In view of recent overcrowding following the easing of lockdown, Esri UK has explored how many people could hypothetically fit on some of the country’s most popular beaches using social distancing guidelines.
Spatial analysis of 10 of the UK’s most popular beaches by geographic information system (GIS) software and location intelligence specialist, Esri UK, has revealed how many people could hypothetically fit on the sand, while adhering to social distancing guidelines.
The analysis follows scenes in Bournemouth, last month, where 500,000 people, reportedly, descended onto the beach. At the specified two metres apart, Esri UK’s analysis found that only an estimated 78,628 people could fit.

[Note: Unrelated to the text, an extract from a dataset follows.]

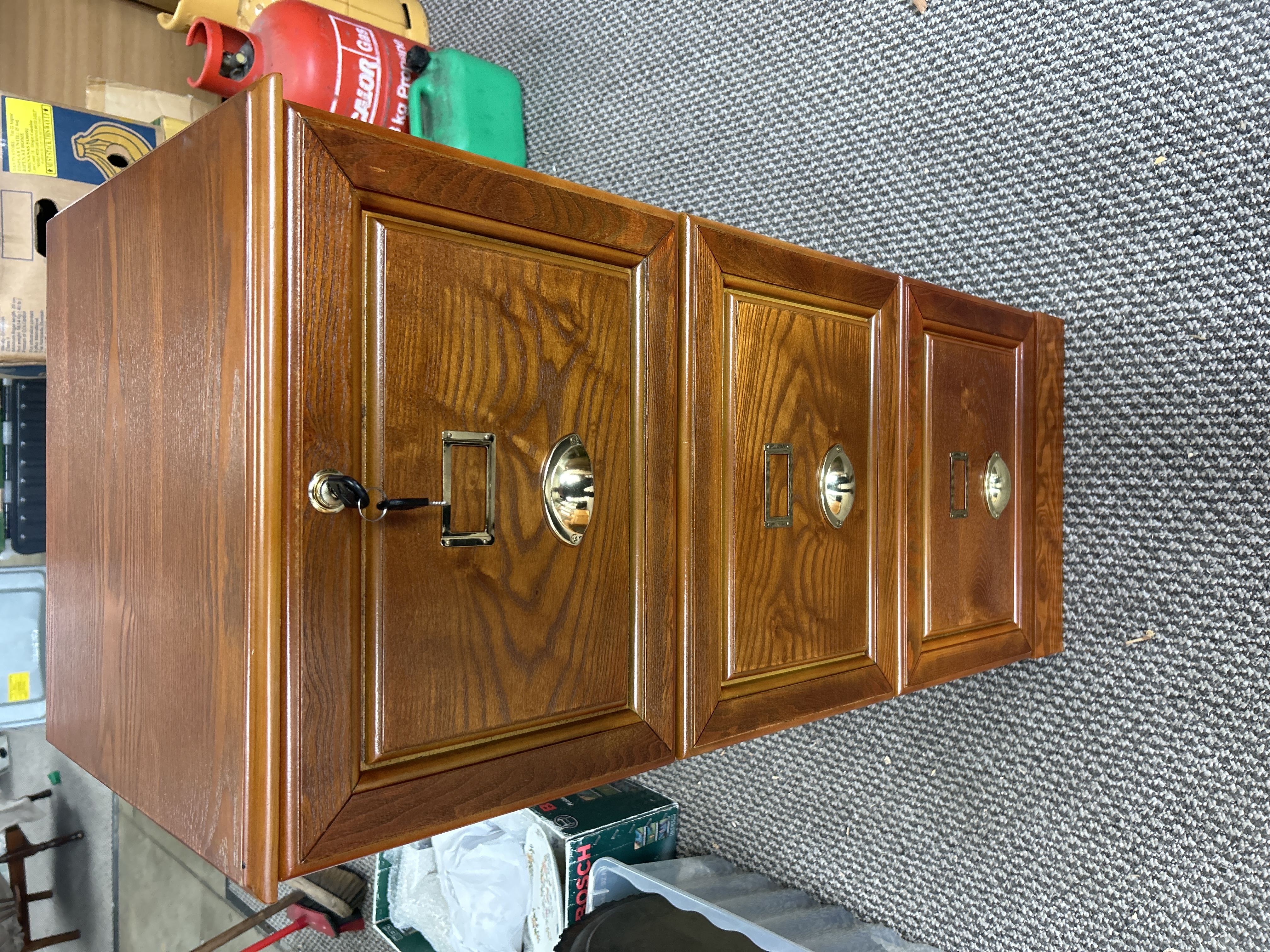 A three-drawer filing cabinet featuring a medium-toned oak-effect grain finish. The construction includes drawer fronts with raised paneling, each fitted with polished brass-toned hardware consisting of a cup-style pull handle and a rectangular label holder. The top drawer is equipped with a circular key lock and includes a set of keys. The unit is designed with a flat top and vertical side panels.

The method used placed one person inside a 2-metre diameter circle but with an additional 2 metres of space between each circle, to represent a hypothetical estimation of beach capacity, allowing some space for people to move around.

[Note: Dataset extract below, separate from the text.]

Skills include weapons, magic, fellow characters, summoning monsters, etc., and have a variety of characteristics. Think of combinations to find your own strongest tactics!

Other beaches surveyed included Brighton (61,723 capacity), Newquay (23,777), Barafundle (3,246) and Luskentyre (24,243).

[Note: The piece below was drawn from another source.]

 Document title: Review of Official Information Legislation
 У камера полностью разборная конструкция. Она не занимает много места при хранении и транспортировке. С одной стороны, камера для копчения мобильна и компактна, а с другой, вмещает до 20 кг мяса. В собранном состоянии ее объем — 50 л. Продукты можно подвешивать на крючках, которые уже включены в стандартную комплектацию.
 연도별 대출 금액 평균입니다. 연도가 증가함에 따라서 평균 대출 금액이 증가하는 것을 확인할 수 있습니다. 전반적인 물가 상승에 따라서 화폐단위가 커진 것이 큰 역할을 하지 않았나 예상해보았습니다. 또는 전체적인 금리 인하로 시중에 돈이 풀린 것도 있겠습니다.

“Spatial analysis can help give local authorities and other organisations a rapid indication of capacity, for a range of different spaces in these unprecedented times”
The figures are released ahead of pubs, restaurants and other hospitality and leisure businesses reopening this weekend in England, when it is expected that many popular destinations like beaches and parks will become extremely busy again.
“We wanted to examine how many people could hypothetically fit on a beach ahead of the main UK holiday season,” said Sam Bark, cartographer at Esri UK. “Spatial analysis can help give local authorities and other organisations a rapid indication of capacity, for a range of different spaces in these unprecedented times, not just beaches, such as green space or even indoors.
He continued: “Obviously the figures come with a few caveats, as most beach goers are in groups of more than one and people don’t remain static.”
Beach capacity statistics, ranked by beach size
(beach area (m2) followed by number of 2m diameter circles with 2m gaps in-between)
Perranporth, Cornwall: 1,115,445; 80,503
Bournemouth, Dorset: 1,089,463; 78,628
Brighton, East Sussex: 855,231; 61,723
Portobello, Edinburgh: 499,895; 36,078
Whitley Bay, North Tyneside: 399,715; 28,848
Luskentyre, Isle of Harris: 335,911; 24,243
Newquay, Cornwall: 329,451; 23,777
Weymouth, Dorset: 254,246; 18,349
Barafundle, Pembrokeshire: 44,973; 3,246
Durdle Door, Dorset: 43,472; 3,137
Esri UK carried out the spatial analysis using its ArcGIS software. First it calculated the area of dry sand on each beach, using the MasterMap Topography Layer from Ordnance Survey (OS), using average high tides.
Esri UK then calculated how many 2 metre circles could fit on each beach with 2 metre spacing between each circle.
Analysis carried out by the GIS specialist also revealed that most pavements around the UK (70 per cent) are less than three metres wide, making it difficult for pedestrians to social distance at the specified two metres apart.